## Exercise instructions
Below is a listing; repeat exactly the lines from the one containing "box inc items" to the one containing "草花は、チングルマは盛りを終", both included.

## Extracted material
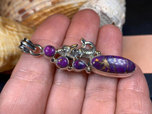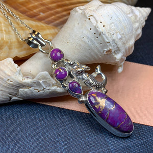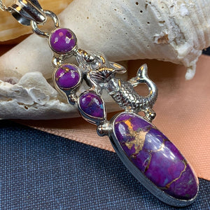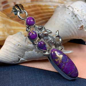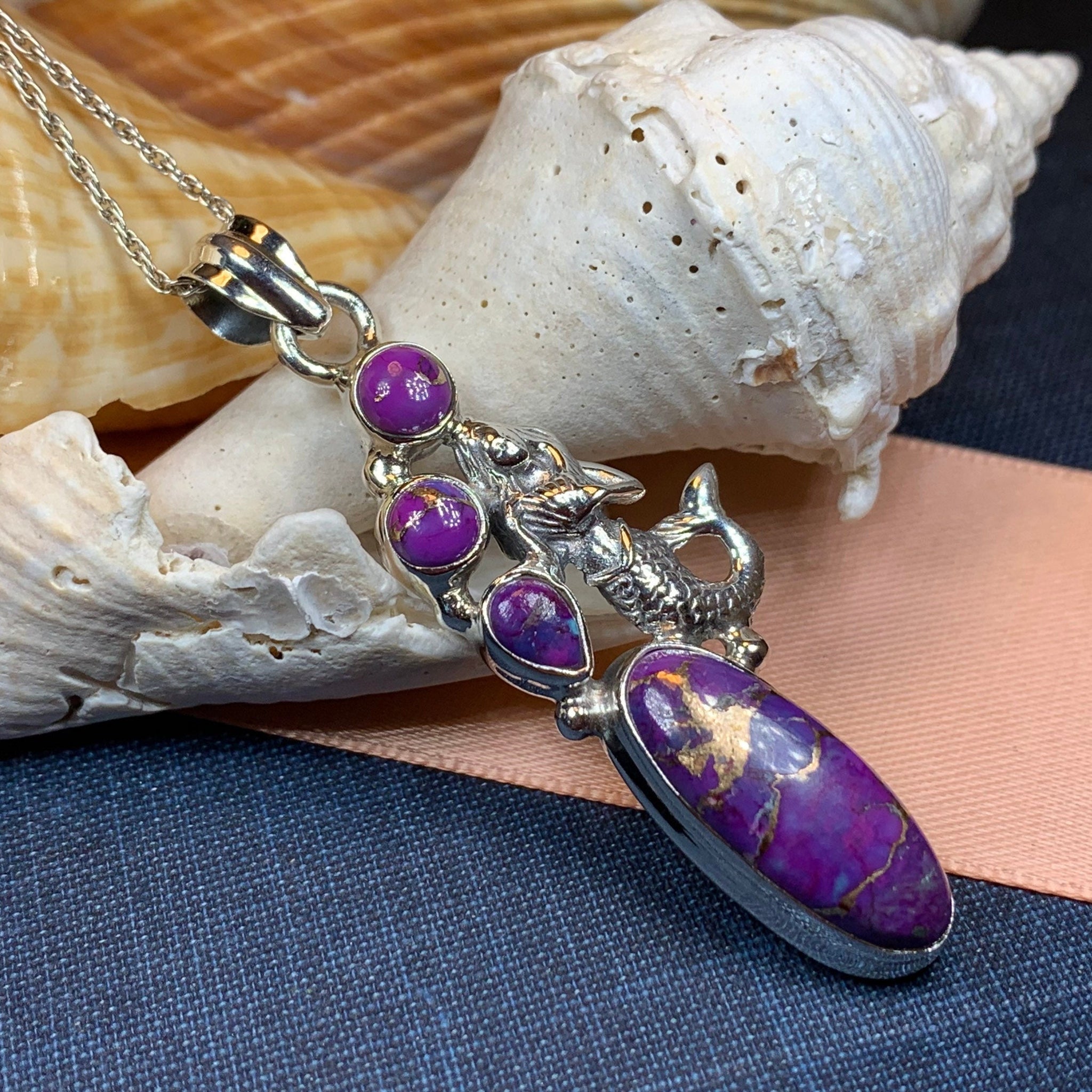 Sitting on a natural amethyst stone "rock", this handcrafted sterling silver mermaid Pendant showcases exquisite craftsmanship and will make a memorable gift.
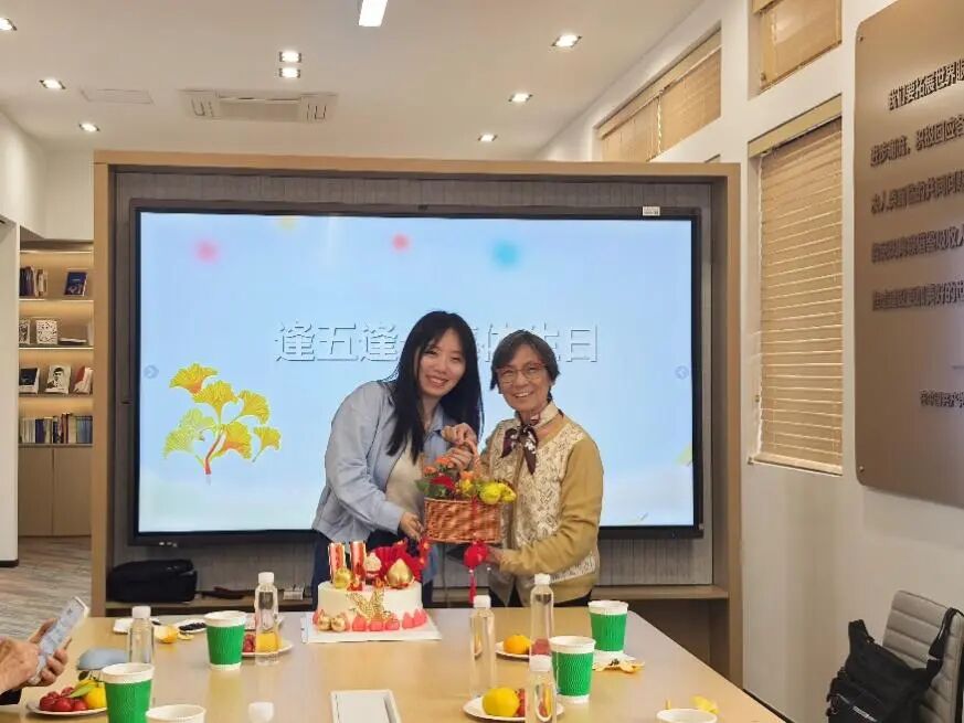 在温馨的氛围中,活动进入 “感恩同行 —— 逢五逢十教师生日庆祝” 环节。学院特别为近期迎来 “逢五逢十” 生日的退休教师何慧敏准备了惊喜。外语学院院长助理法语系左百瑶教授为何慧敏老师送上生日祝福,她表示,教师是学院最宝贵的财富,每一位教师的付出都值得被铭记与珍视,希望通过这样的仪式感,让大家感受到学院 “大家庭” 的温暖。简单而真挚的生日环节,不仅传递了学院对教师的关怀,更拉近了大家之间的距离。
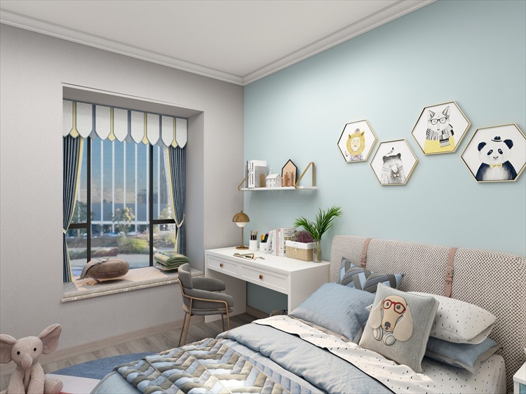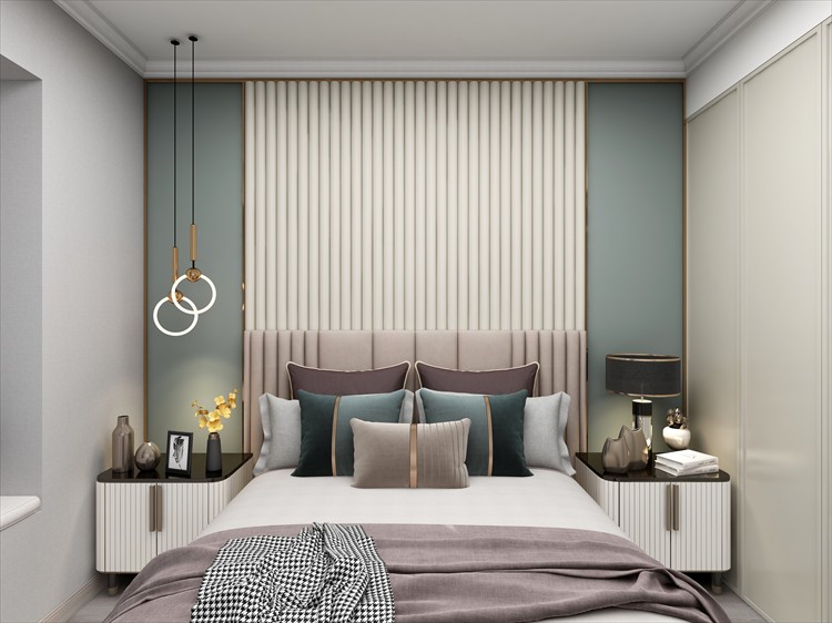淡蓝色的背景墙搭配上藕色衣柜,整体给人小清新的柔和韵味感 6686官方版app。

==

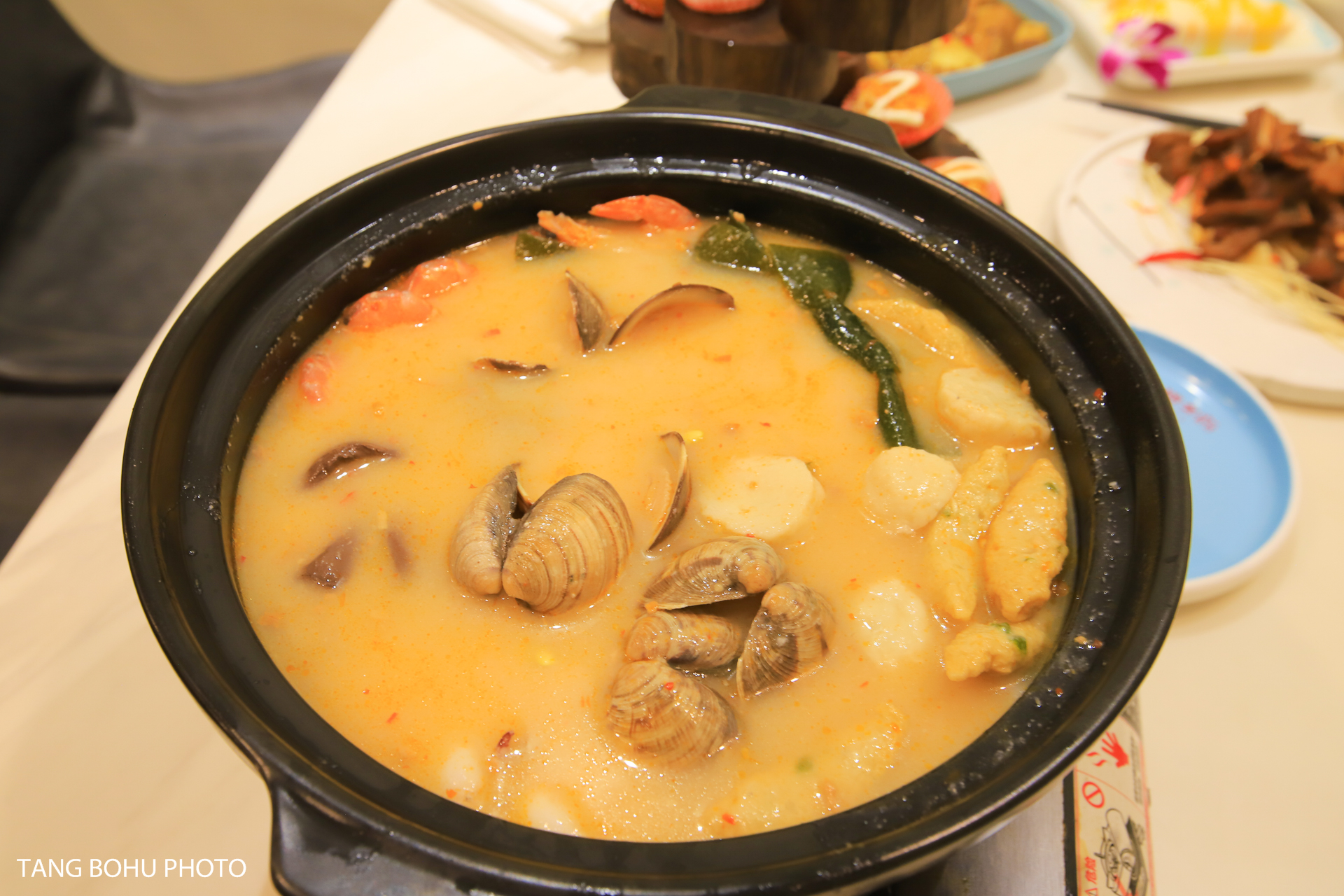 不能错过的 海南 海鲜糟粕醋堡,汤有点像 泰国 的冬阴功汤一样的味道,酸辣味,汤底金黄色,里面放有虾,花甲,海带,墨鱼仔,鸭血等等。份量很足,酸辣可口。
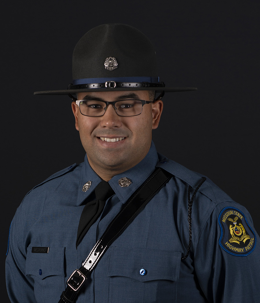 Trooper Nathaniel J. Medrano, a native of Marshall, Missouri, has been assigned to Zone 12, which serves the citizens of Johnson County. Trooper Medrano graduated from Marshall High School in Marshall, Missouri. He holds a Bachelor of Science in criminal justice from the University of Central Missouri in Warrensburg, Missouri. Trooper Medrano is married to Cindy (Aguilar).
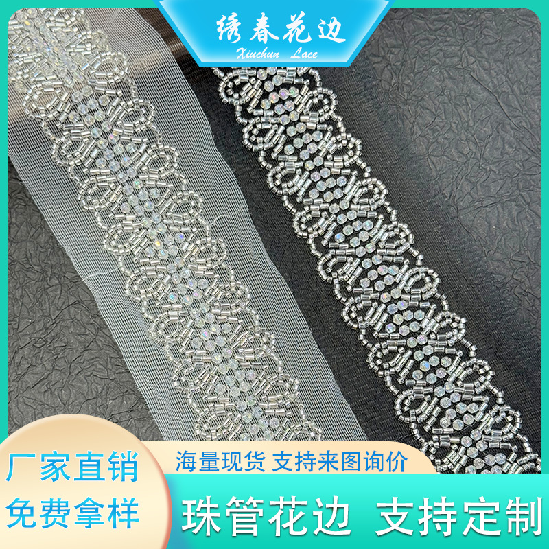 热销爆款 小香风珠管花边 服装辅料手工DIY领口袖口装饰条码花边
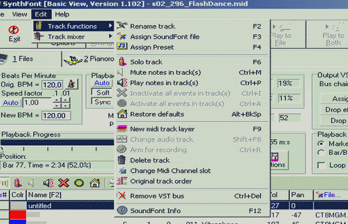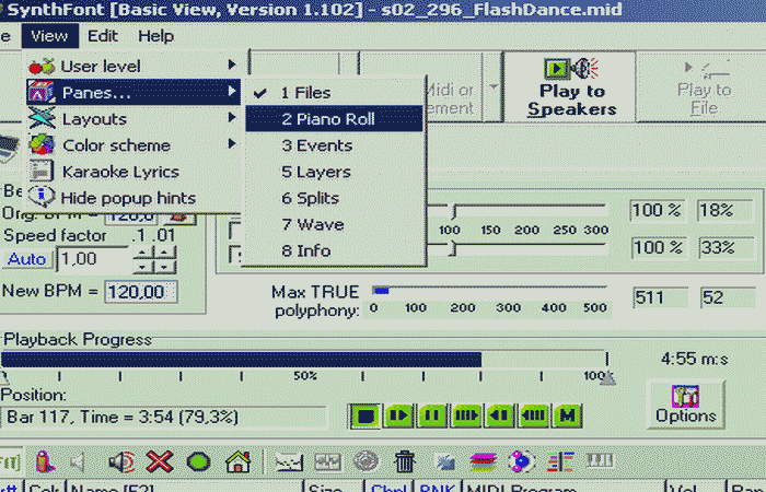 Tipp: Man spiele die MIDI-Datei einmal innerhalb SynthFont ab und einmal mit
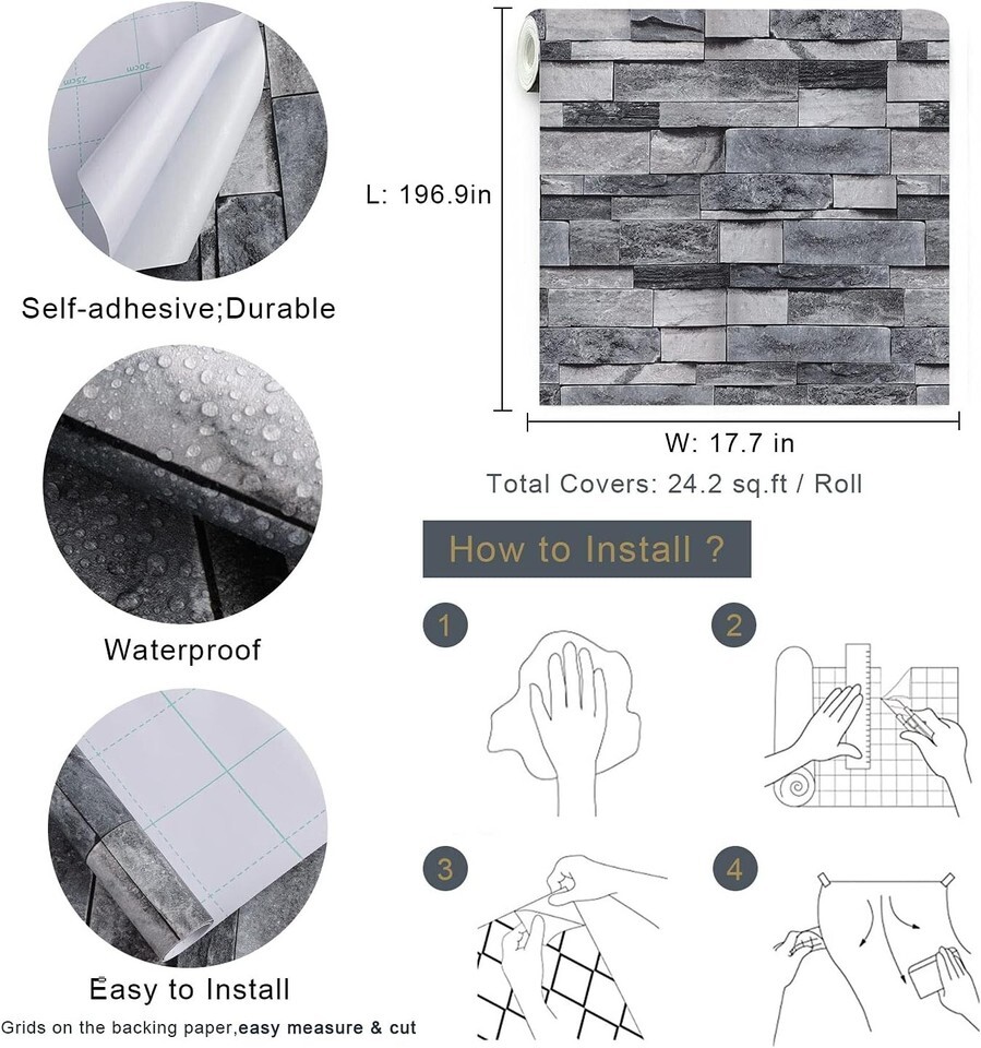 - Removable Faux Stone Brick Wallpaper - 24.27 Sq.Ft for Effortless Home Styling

==

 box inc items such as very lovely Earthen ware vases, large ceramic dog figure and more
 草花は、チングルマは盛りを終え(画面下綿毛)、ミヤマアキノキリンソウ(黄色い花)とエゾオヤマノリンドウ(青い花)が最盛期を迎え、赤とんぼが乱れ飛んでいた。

## Expected answer
 box inc items such as very lovely Earthen ware vases, large ceramic dog figure and more
 草花は、チングルマは盛りを終え(画面下綿毛)、ミヤマアキノキリンソウ(黄色い花)とエゾオヤマノリンドウ(青い花)が最盛期を迎え、赤とんぼが乱れ飛んでいた。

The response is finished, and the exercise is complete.